Environment, Climate Change and Forestry Cabinet Secretary Deborah M. Barasa has assured Parliament that firm environmental and public health measures have been put in place for the proposed oil development in the South Lokichar Basin in Turkana County. Appearing before a joint sitting of the Senate Committee on Energy and the National Assembly Committee on Energy, she presented a detailed report on environmental approvals, safety standards and plans for site closure covering Blocks T6 and T7.
Barasa informed lawmakers that Tullow Oil Kenya B.V. submitted the Environmental and Social Impact Assessment for the South Lokichar Upstream Oil Development Project in September 2021. She said the assessment was reviewed in line with the Environmental Management and Coordination Act.
The ministry confirmed that the National Environment Management Authority issued an Environmental and Social Impact Assessment licence for the project on October 28, 2025.
Barasa explained that the approval allows for production of up to 130,000 barrels of oil per day over a 25 year period. The plan covers six oil fields Amosing, Ngamia, Twiga, Ekales, Agete and Etom within a 1,500 hectare project area.

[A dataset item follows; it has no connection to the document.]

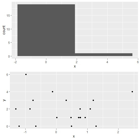 library(ggplot2) p1<-ggplot(df,aes(x))+geom_histogram(bins=2) p2<-ggplot(df,aes(x,y))+geom_point()
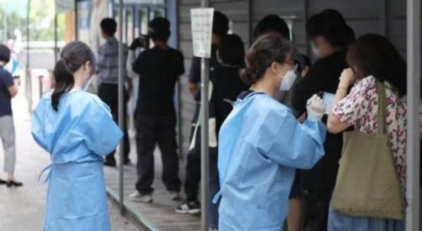 韩国民众排队接受核酸测试 图源:韩联社报道配图

‘’The scope for the licensed ESIA was for production capacity of 130,000 barrels of oil per day over a 25-year period comprising six oil fields with wellpads, infield connecting infrastructure, Central Hub, Central Processing Facility (CPF) Integrated Waste management Facility and Engineered Landfill associated facilities and amenities within the six oil fields: Amosing, Ngamia, Twiga, Ekales, Agete, and Etom located within 1,500Ha of defined project footprint in the South Lokichar Basin Blocks 10BB and 13T, Turkana County.’’ Barasa said.

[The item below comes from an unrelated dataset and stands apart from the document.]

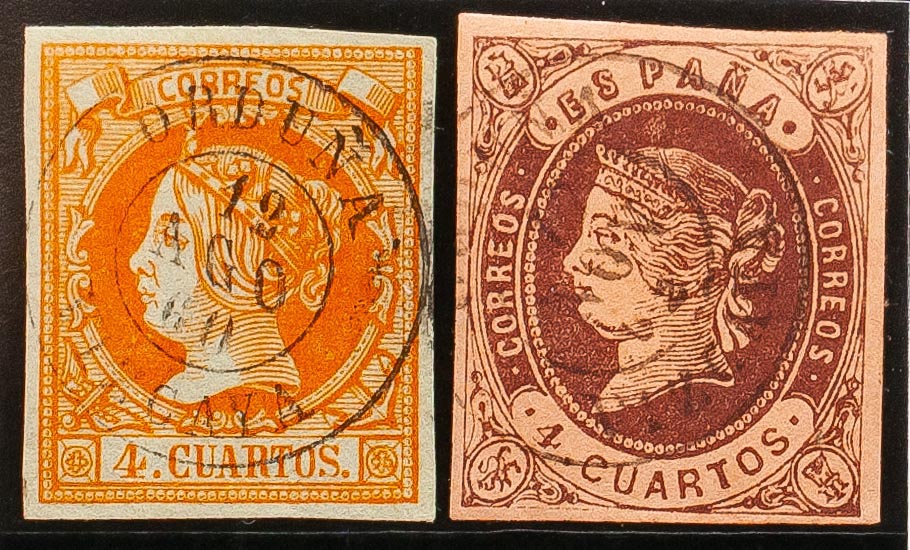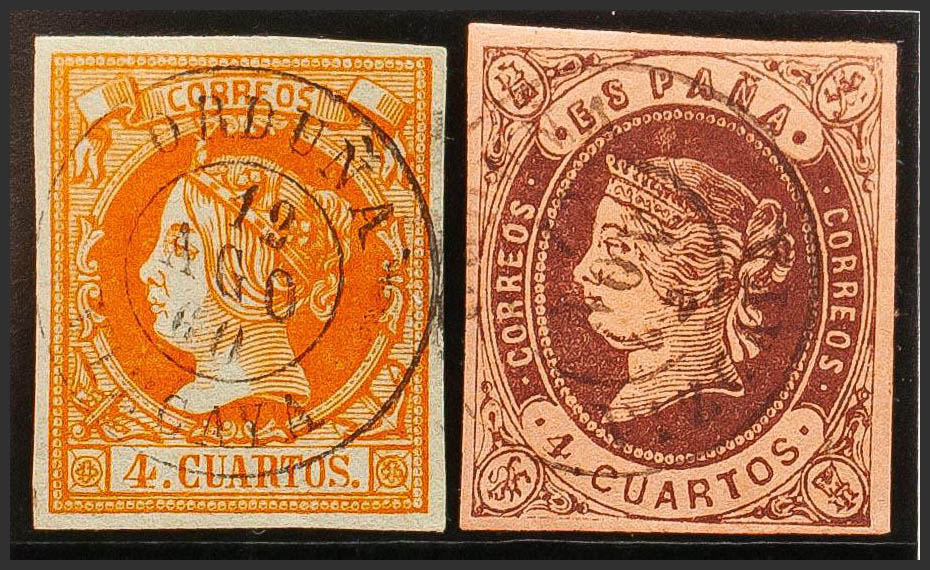 52, 58. (1860ca). Conjunto de dos sellos del 4 cuartos amarillo y 4 cuartos castaño, inutilizados con matasello ORDUÑA / VIZCAYA. MAGNIFICO.

However, she noted that the Field Development Plan now before the government proposes a phased rollout under a new contractor, Gulf Energy Limited. The updated plan reduces initial output and sets a new timeline for first oil.
Barasa added, ‘’The Currently tabled FDP has taken a phased approach with the new contractor, Gulf Energy Limited projecting a production rate of 20,000 barrels per day (BPD) in phase 1 and 50,000 BPD in phase II with an expected first Oil date in December 2026.’’
She further told the committees that crude oil from South Lokichar will in the early stages be moved by road and or rail to Kenya Petroleum Refineries Limited for storage and handling before export through Kipevu Oil Terminal II. This marks a shift from the earlier plan that proposed construction of the Lokichar Export Facility and transportation of crude through the Lokichar Lamu Crude Oil Pipeline to Lamu Port.
‘’The produced crude oil in South Lokichar will be transported by road and/or rail for storage and handling at Kenya Petroleum Refineries Limited (KPRL) and subsequently exported through Kipevu Oil Terminal II. This is a material deviation from the licensed design concept of establishing a Lokichar Export Facility (LEF) and transporting the crude oil via the Lokichar–Lamu Crude Oil Pipeline (LLCOP) for export at Lamu Port.’’ Barasa said.
Due to this change, Gulf Energy has been instructed to formally transfer the existing ESIA licence from Tullow Oil and to carry out a supplementary environmental review. The additional assessment will address the revised project design, including the safety and health concerns linked to transporting crude by road or rail.
“The road and/or rail transport that Gulf Energy has proposed is yet to be scrutinized through an ESIA process to ensure appropriate safeguard conditions are instituted to guarantee public health and safety,” the CS said.
NEMA Director General Mamo Mamo also addressed the joint sitting, assuring legislators that the regulator will strictly enforce licence conditions and approved environmental management plans.
‘’NEMA as the principal environmental regulator, shall enforce all EIA licence conditions and the approved Environmental and Social Management Plan (ESMP) relating to decommissioning, site restoration, waste management, well abandonment, land rehabilitation, and post-closure environmental monitoring through compliance inspections, environmental audits, and issuance of enforcement and restoration orders where necessary.’’ Mamo said.
He added that NEMA will work with the Energy and Petroleum Regulatory Authority and county authorities to conduct routine inspections and audits. The agencies will also ensure oil spill prevention and emergency response plans are in place. In the event of an incident, the polluter pays principle will apply, meaning the responsible party must contain the spill, clean up, restore the site and provide compensation.
Barasa reiterated that a crude oil pipeline remains the safest and most suitable method of transport. She assured members of Parliament that any alternative system adopted will undergo full environmental review before it is approved.